Reproduce the data below in full and to the letter, images excepted.

** Source material follows **

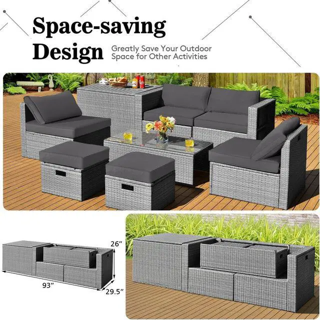 Space-saving Design: Different from the common outdoor furniture sets, this outdoor conversation set can be stored in a compact size that is 93" x 29.5" x 26" (L x W x H) in dimension. Therefore, it is able to greatly save your outdoor space when out of use.
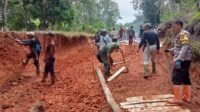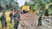 Babinsa Koramil 408-04/KS Bersama Warga Gotong Royong Perbaiki Jalan Desa
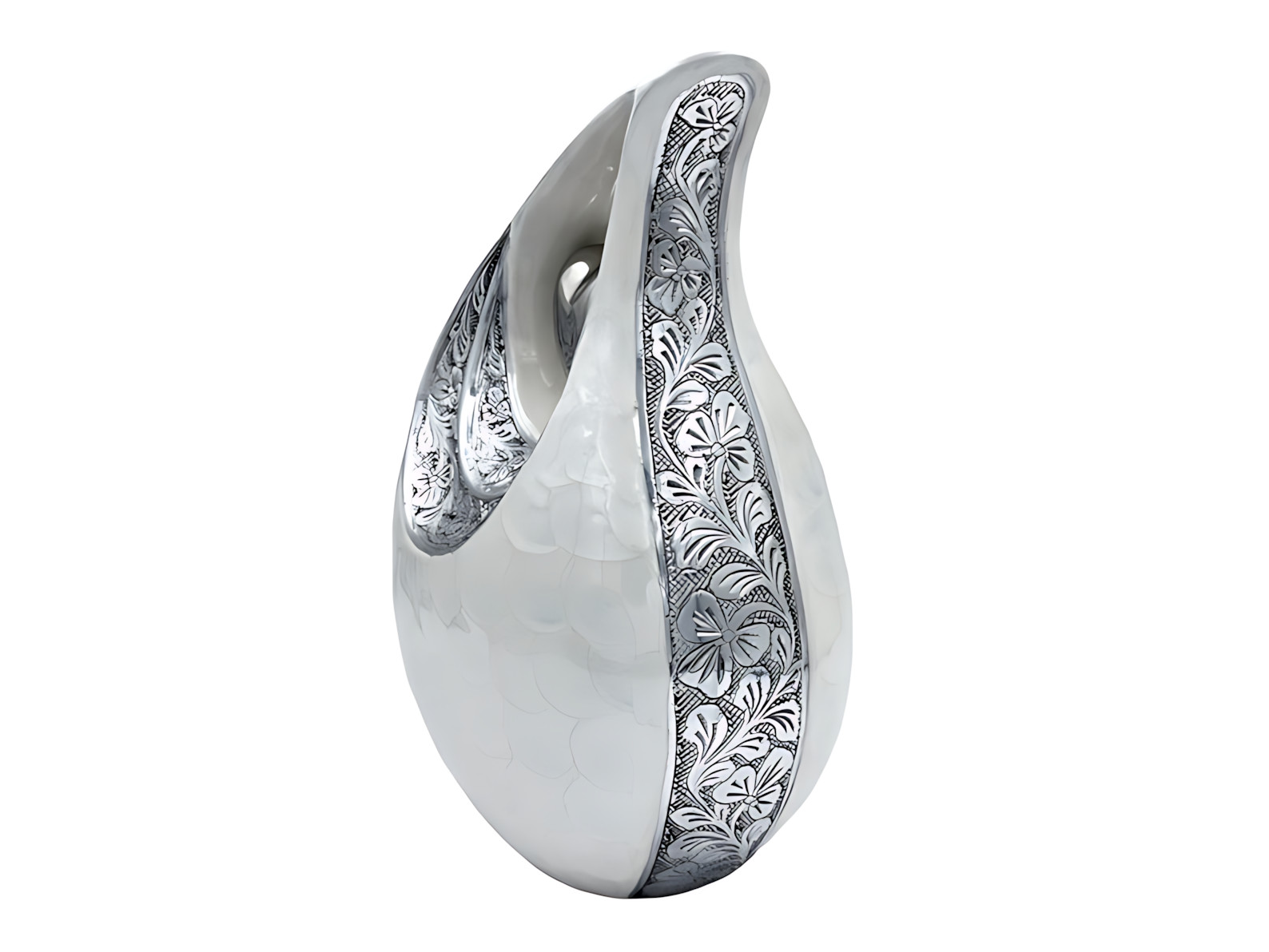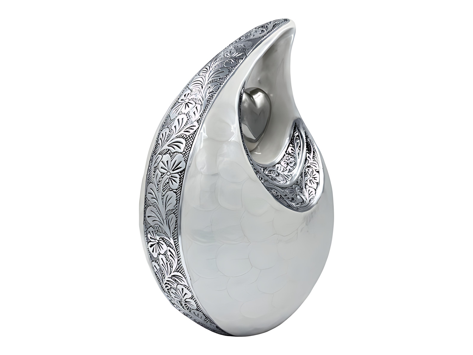 Subject: Elegant Silver Teardrop Urn with Heart – A Timeless Tribute

** End of Source material **

- Result for this task -
 Space-saving Design: Different from the common outdoor furniture sets, this outdoor conversation set can be stored in a compact size that is 93" x 29.5" x 26" (L x W x H) in dimension. Therefore, it is able to greatly save your outdoor space when out of use.
 Babinsa Koramil 408-04/KS Bersama Warga Gotong Royong Perbaiki Jalan Desa
 Subject: Elegant Silver Teardrop Urn with Heart – A Timeless Tribute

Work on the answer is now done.